Hansen v. Hall
This text of 132 N.W. 457 (Hansen v. Hall) is published on Counsel Stack Legal Research, covering Michigan Supreme Court primary law. Counsel Stack provides free access to over 12 million legal documents including statutes, case law, regulations, and constitutions.
Opinion
(after stating the facts). The only point involved is this: Must the holder of a tax title serve the statutory tax notice upon the record owners of the title to the minerals reserved ?
We have held that the ownership of undiscovered minerals constitutes an estate in the land. Negaunee Iron Co. v. Iron Cliffs Co., 134 Mich. 264 (96 N. W. 468).
It is contended by complainant that the words “grantee or grantees under the last recorded deed in the regular chain of title ” cannot be so construed as to compel service upon the grantors in the quitclaim deed containing the reservation.

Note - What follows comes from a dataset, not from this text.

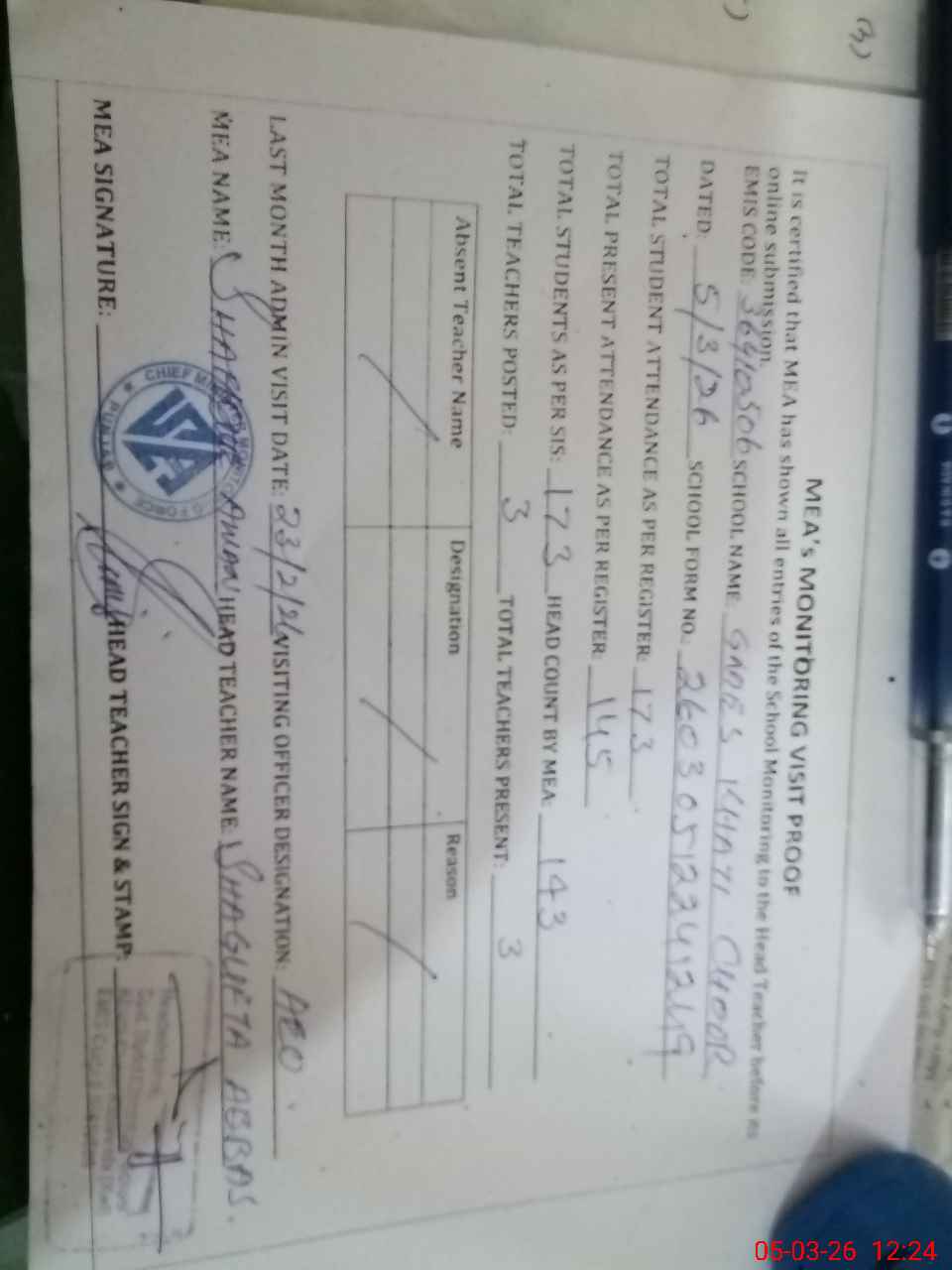 | Attendance Register | Head Teacher | MEA with School | Visit Proof |
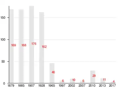 | 1879 | 1885 | 1909[16] | 1928 | 1965 | 1997 | 2007[17] |

We think the position untenable. As to the estate reserved, the grantors in that deed remain grantees under the recorded conveyance to them until they convey, and as such are entitled to the statutory notice.
Until this notice is duly served upon each part owner and the statutory proof thereof is made and filed, the right to redemption remains to all. White v. Shaw, 150 Mich. 270 (114 N. W. 210); Dolph v. Norton, 158 Mich. 417 (123 N. W. 13).
The judgment is affirmed.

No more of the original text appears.